Beyond this, the twelve inches of the imperial foot is another obvious example of dozenal thinking in earlier times. There were twelve ounces in a Roman pound (libra, lb.), and the term "ounce" itself is derived from the Latin "uncia," meaning twelfth. If you look closely, history is full of examples of subtle dozenal thinking, which all serve to demonstrate that, despite the ubiquity and hegemony of decimalist thinking, the usefulness of dozenalism has had a consistent appeal through the ages. Most people throughout history probably could not have precisely defined what a highly composite number is or why it might be useful, but they could clearly see that dividing things into groups of twelve was more useful for everyday purposes than dividing them into groups of ten. We would do well to remember their example, and learn from it.
Why it matters
Culturally, humanity is very entrenched with decimalism. Outside of a handful of indigenous cultures (see: Piraha Language on Wikipedia), everyone in the world uses base ten notation, everyone understands Indo-Arabic numerals, everyone learned basic arithmetic using base ten, and nobody wants to learn a whole new way of counting. This is understandable. But consider our situation: Humanity is, possibly, on the verge of a glorious and infinite future. The rise of the metric system is institutionalizing the decimal radix not just for counting, but for measuring and quantifying the world itself. With the advent of modern computers and the internet, we are potentially setting in place structures and systems that will define our relationships with information and information technology for countless generations to come. It would behoove us to pause and reflect on whether or not this is really a system worth further embedding into the fundamental fabric of our civilization.

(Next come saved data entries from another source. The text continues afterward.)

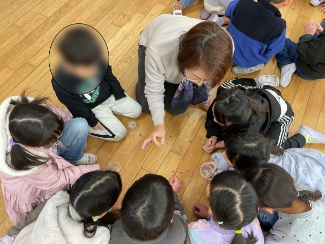 ひもごまやおはじき、けん玉、お手玉に挑戦し、「初めてできた!」とたくさんの笑顔が見られました。あたたかく見守り、丁寧に教えてくださった皆様に、心より感謝いたします。
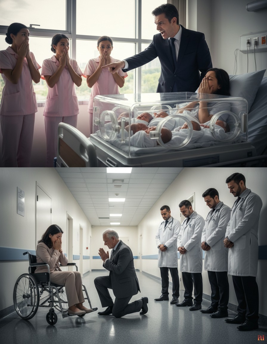 Cuando las enfermeras presentaron a los quintillizos, el silencio en la sala de cunas fue sepulcral. Roberto Salazar no vio milagros; vio lo que él consideraba una ofensa personal. Los cinco bebés tenían la piel oscura, el cabello rizado y rasgos que, en su retorcida visión del mundo, no correspondían a su árbol genealógico. La furia transformó su rostro en una máscara de odio. Irrumpió en la habitación donde Isabel, aún débil y recuperándose de una cesárea múltiple, lo esperaba con una sonrisa que se congeló al instante. Roberto no se acercó a besarla; se detuvo a los pies de la cama y gritó con un desprecio que hizo eco en todo el piso: "¿Quién es el padre de esos niños? ¡Me engañaste! ¡Esto es una burla a mi linaje!".
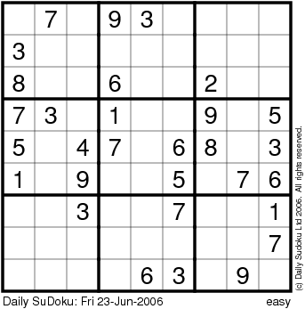 The Daily SuDoku: Fri 23-Jun-2006
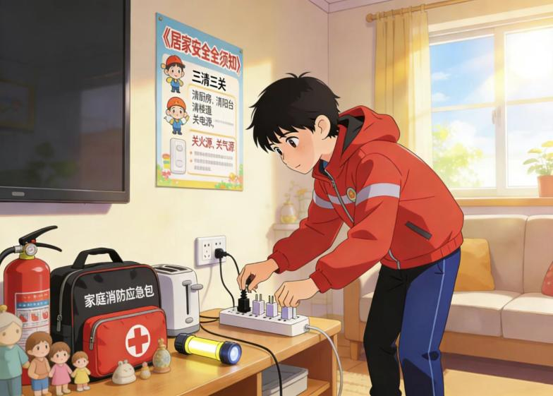 3.家中配备必要的消防器材,并教会孩子正确地使用方法。 开展一次家庭火灾隐患排查,及时清理楼道、阳台堆积的杂物。
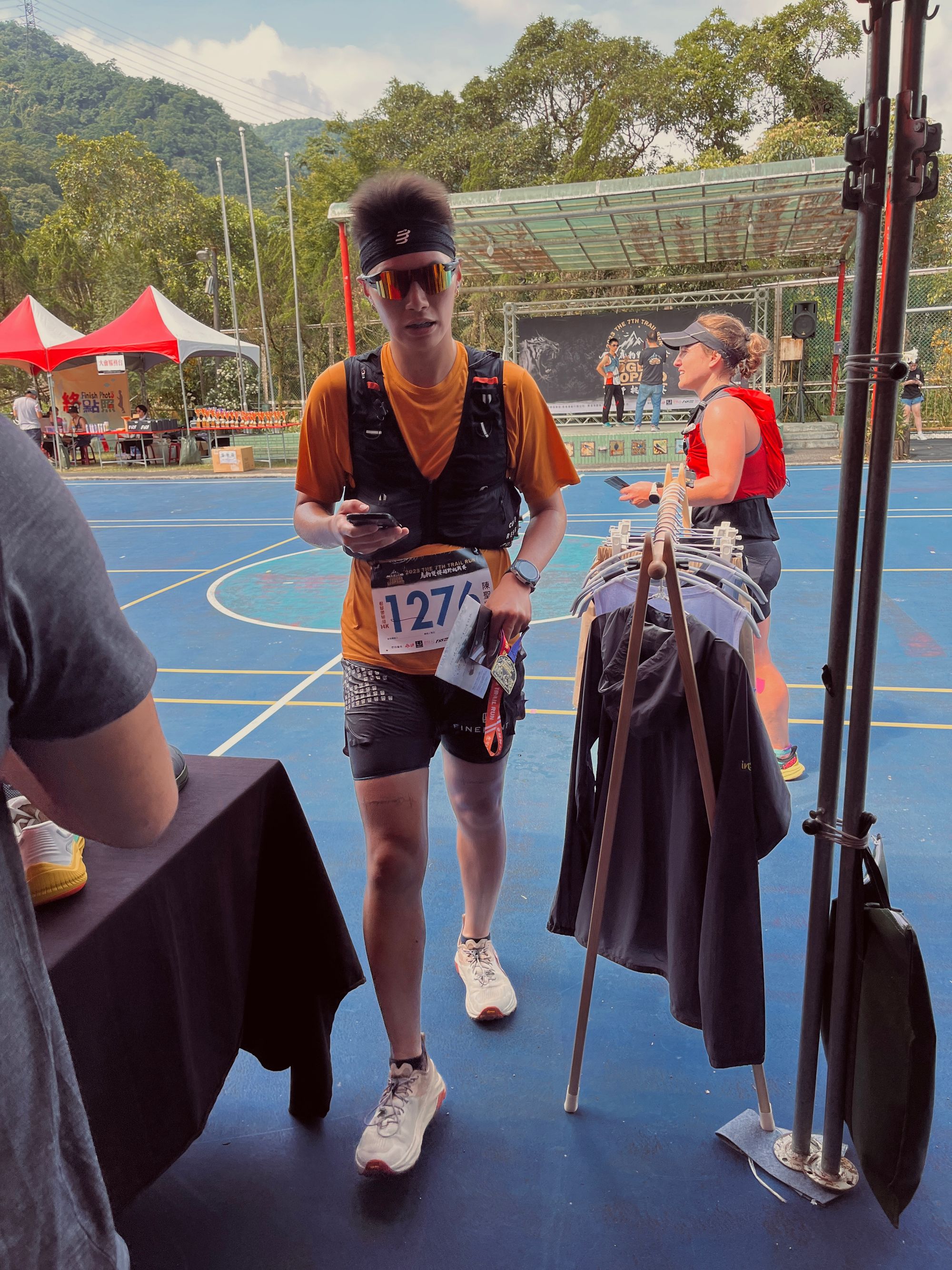 然後登山杖全程插在背後沒拿出來過 🤣 最後的完賽時間是 02:02:05,總名次 35,最後的柏油路已經盡力衝刺了還是來不及在 2h 內完成,可惡。
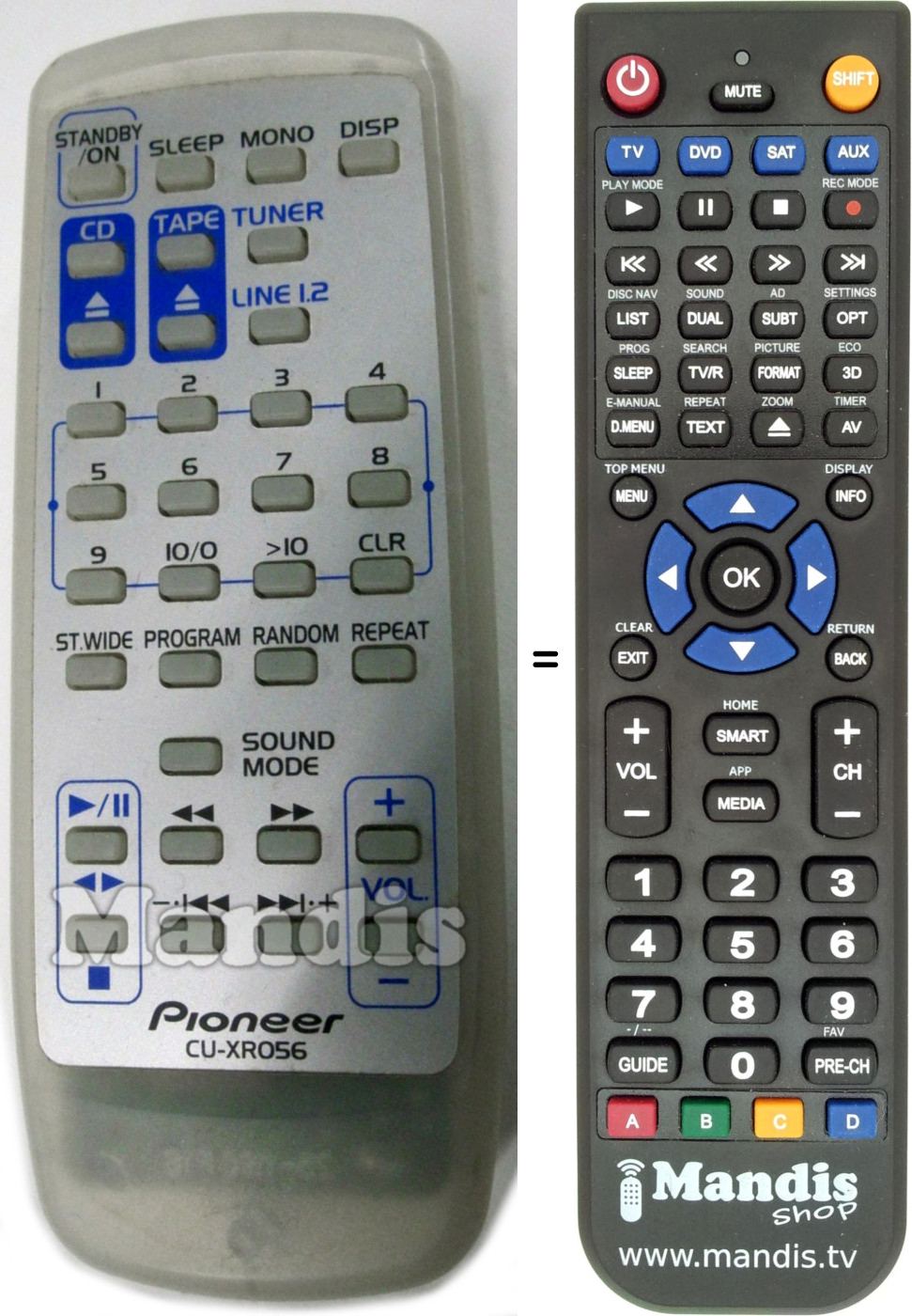 This remote control replaces most of the functions of your AXD7224 (CU-XR056). It is not a universal remote control, but a copy with most of the buttons and functions of your original.
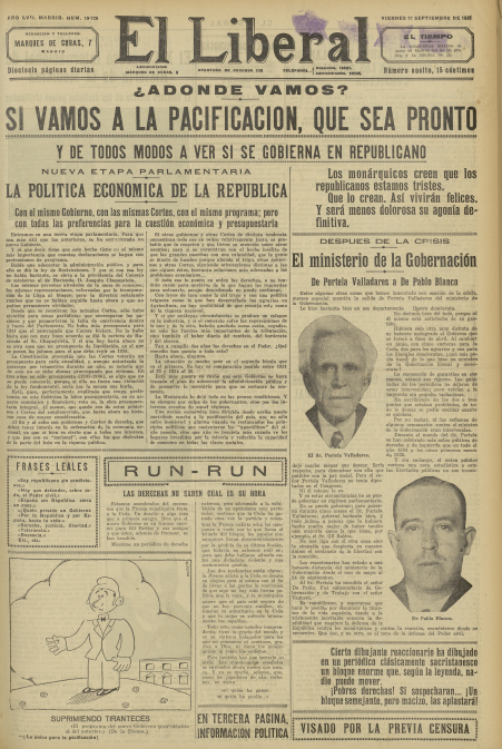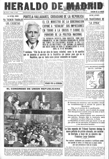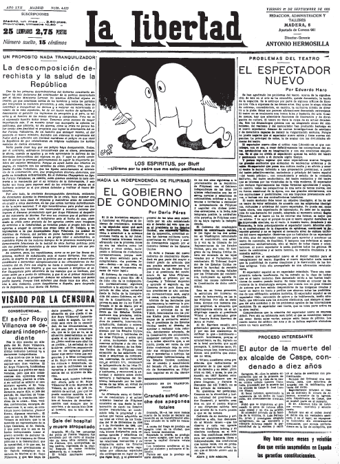 Se presentan a continuación las portadas correspondientes a ese día de seis periódicos madrileños.
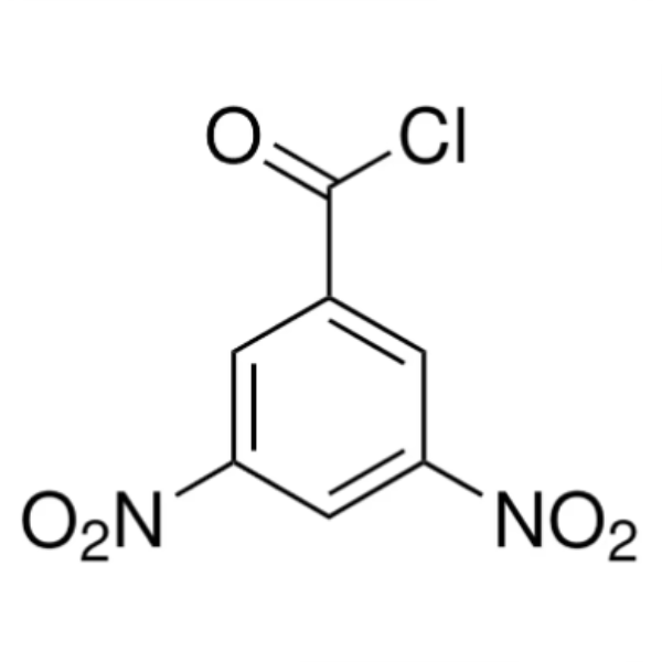 O Cloreto de 3,5-Dinitrobenzoíla é utilizado como reagente para determinação de diversos álcoois, também utilizado em síntese orgânica. Reagentes de rotulagem para HPLC. Este composto aromático é utilizado por químicos para identificar componentes alcoólicos em ésteres e na análise fluorométrica da creatinina.
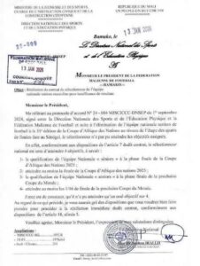 Le ministère des sports a décidé de mettre fin à son contrat, comme annoncé dans un courrier officiel du directeur national des sports. Cette décision fait suite aux objectifs non atteints par l’entraîneur, notamment l’élimination du Mali en quarts de finale de la CAN 2025.
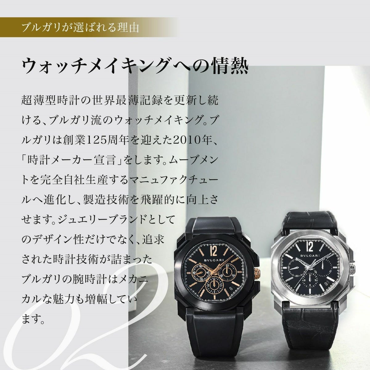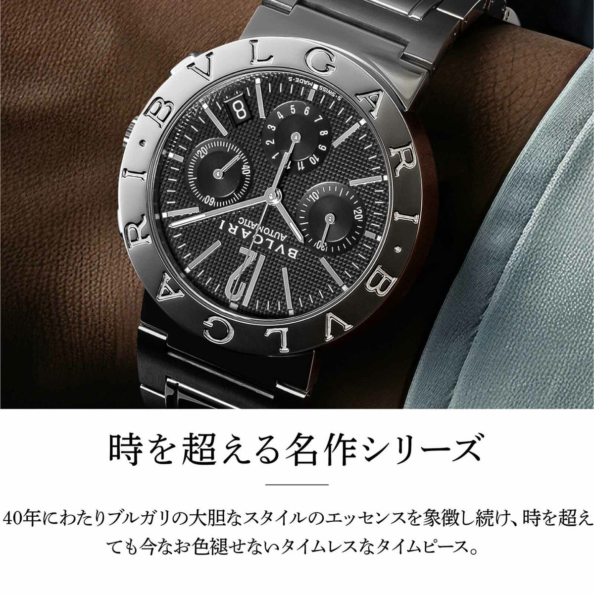 銀細工職人であったソリティオ・ブルガリによって1884年に永遠の都、ローマで創業された。卓越したクラフツマンシップと素晴らしいジュエリーの創造力によって瞬く間に名を馳せた。1977年、現在もアイコンである「ブルガリ・ブルガリ」を皮切りに時計界へと参入。1982年には本格的に参入するためスイスに製造拠点を設けた。天才時計デザイナーとされるジェラルド・ジェンタ氏の自らの名を冠したジェラルド・ジェンタやダニエル・ロートを傘下にし、2010年には時計メーカー宣言を果たした。完全自社製ムーブメントやジュエリーブランドらしいハイセンスなデザインが光る。人気モデルにはアイコンである「ブルガリ・ブルガリ」や円と正方形を大胆に融合させた「オクト」、山下智久さんが着用したことでも注目を浴びた革新的な素材と比類ないイタリアンデザインが混ざり合うアルミニウムコレクションがある。
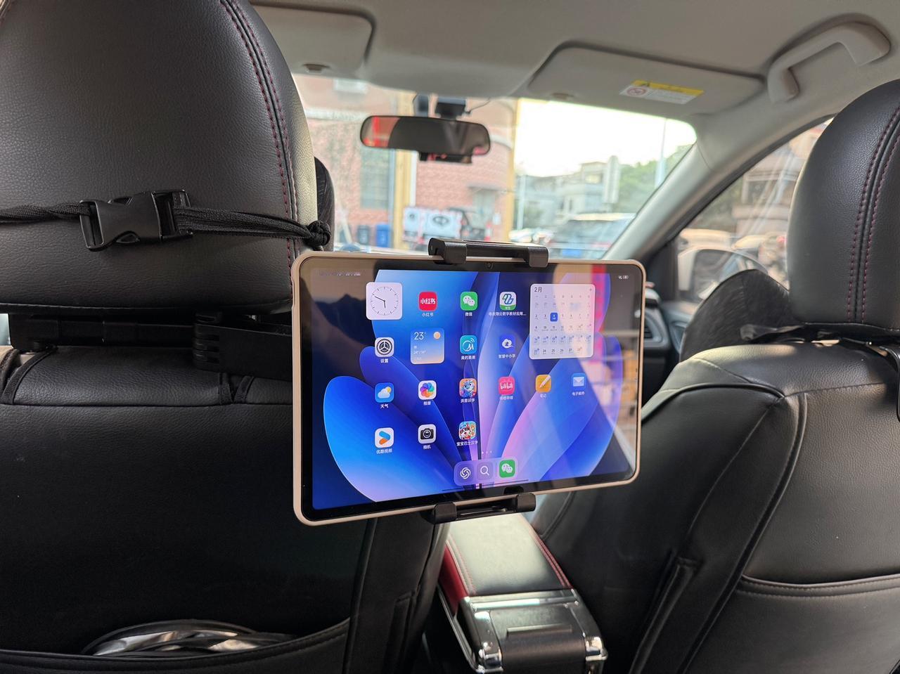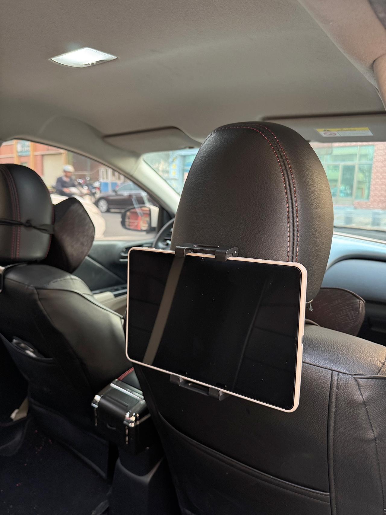 我买的这款是绑带式+360度万向球的,安装特别无脑:上面两个挂钩卡进头枕杆,下面两根绑带绕座椅背后一扣,完事。最实用的设计是万向球,iPad可以上下左右随便调角度,后排无论坐直还是葛优躺都能找到舒服的观看位置。支架中间还给充电线留了走线孔,边充边看不用绕来绕去。
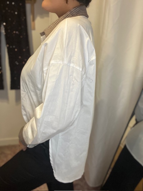 Chemise blanche en coton avec détail col et manches à carreaux . Taille unique
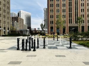 Концепция комплекса - двор без машин с ландшафтным дизайном; пруд с лаунж-зонами, шезлонгами и гамаками; спортивные площадки, амфитеатр, детские зоны.
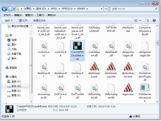 7、進(jìn)入“HFSS_15.0_Win64【破解文件】”,復(fù)制“CrackHFSS15.x(x64).exe”到文件夾【W(wǎng)in64 】下(例:D:\HFSS\HFSS15.0\Win64 )。
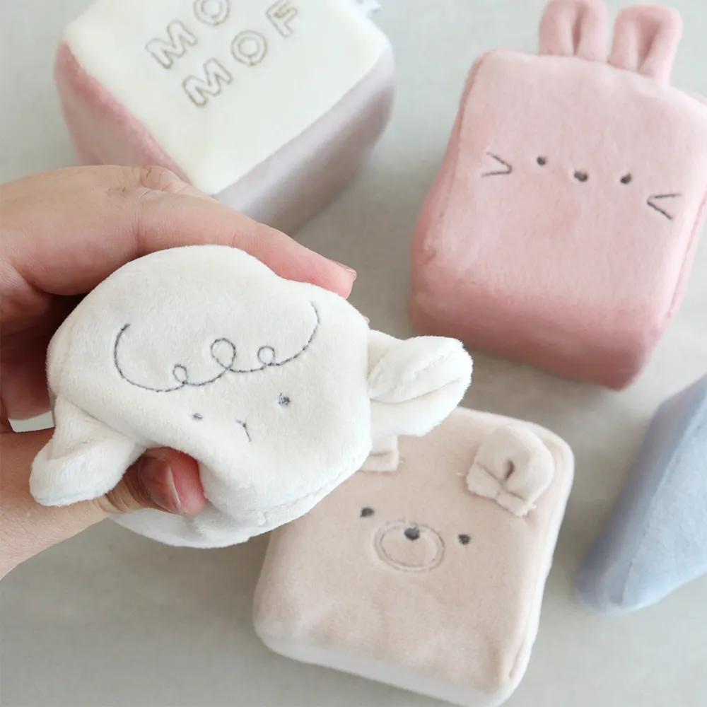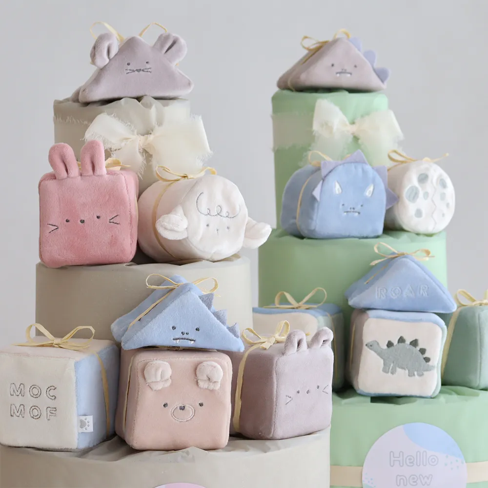 やわらかく肌触りの良い布製の積み木は赤ちゃんへのはじめてのおもちゃにぴったりです。
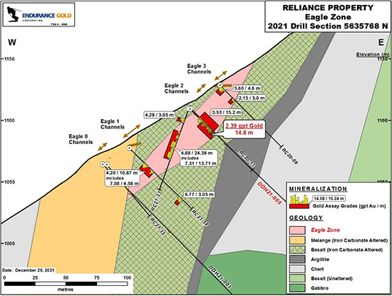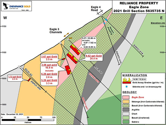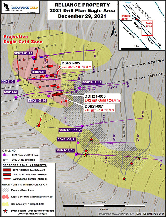 "We are pleased to see the Eagle Zone continue to deliver high-grade intervals over substantial widths as we expand the extent of this zone", commented Robert T. Boyd, CEO of Endurance Gold. "We have now delivered both RC and diamond drill gold intercepts that confirm a significant strike length at the Eagle Zone. We look forward to expanding that strike potential even further with pending results. With other high grade intersections, such as Imperial and Diplomat, our 2021 exploration program has already delivered a minimum 1.5 kilometre of exploration potential at the Reliance Property."
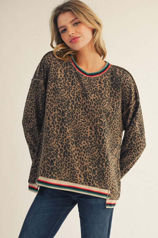 This playful drop shoulder leopard top features a fun unbalanced hem and a contrasting rib band binding detail in color, adding a touch of wild charm to your casual wardrobe. Perfect for effortless style with an edgy twist.
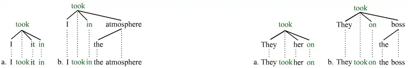 Simple collocations (i.e. the co-occurrence of certain words) demonstrate well the catena concept. The idiosyncratic nature of particle verb collocations provide the first group of examples: take after, take in, take on, take over, take up, etc. In its purest form, the verb take means 'seize, grab, possess'. In these collocations with the various particles, however, the meaning of take shifts significantly each time depending on the particle. The particle and take convey a distinct meaning together, whereby this distinct meaning cannot be understood as a straightforward combination of the meaning of take alone and the meaning of the preposition alone. In such cases, one says that the meaning is non-compositional. Non-compositional meaning can be captured in terms of catenae. The word combinations that assume non-compositional meaning form catenae (but not constituents):
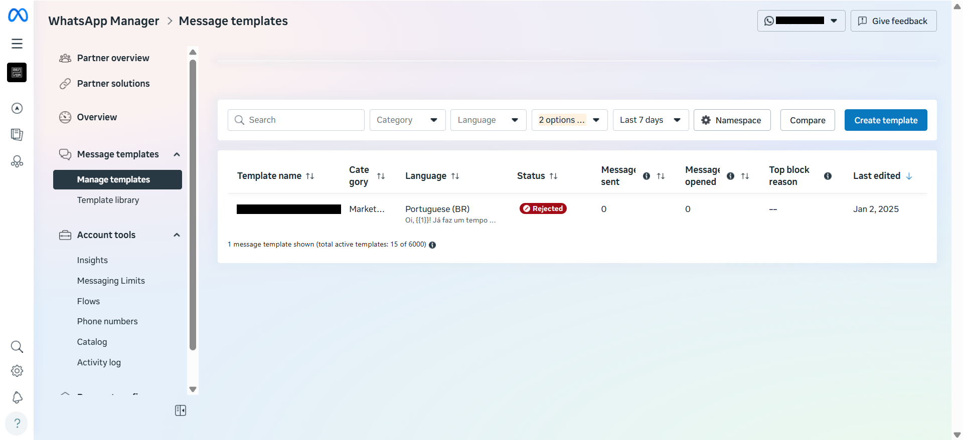 When accessing Settings > Message templates > WhatsApp, if you see the status Rejected next to the template name, it means Meta has rejected the content.

The metric system in particular is a tragic case. In terms of its intent, it makes perfect sense, and pursues an admirable goal—the systematization and regularization all units of measurement into a consistent and easily-computable system. But in practice, we are replacing some very dozenal systems of measurement—for instance, again, the twelve inches in the imperial foot—with misguided and mathematically limiting decimalism. In my view, the metric system presents the most compelling and urgent reason why dozenalism must be taken seriously and addressed quickly in our society, because it is rapidly becoming so entrenched in technology and science that it will be difficult to extract ourselves from it if we go on too much longer. I am not in any way defending traditional imperial measurements—twelve inches in a foot makes a lot of sense, but 5,280 feet in a mile, less so. But if we as a civilization are going to consciously adopt a new and mathematically consistent system of measurements, we ought to at least put some thought into it.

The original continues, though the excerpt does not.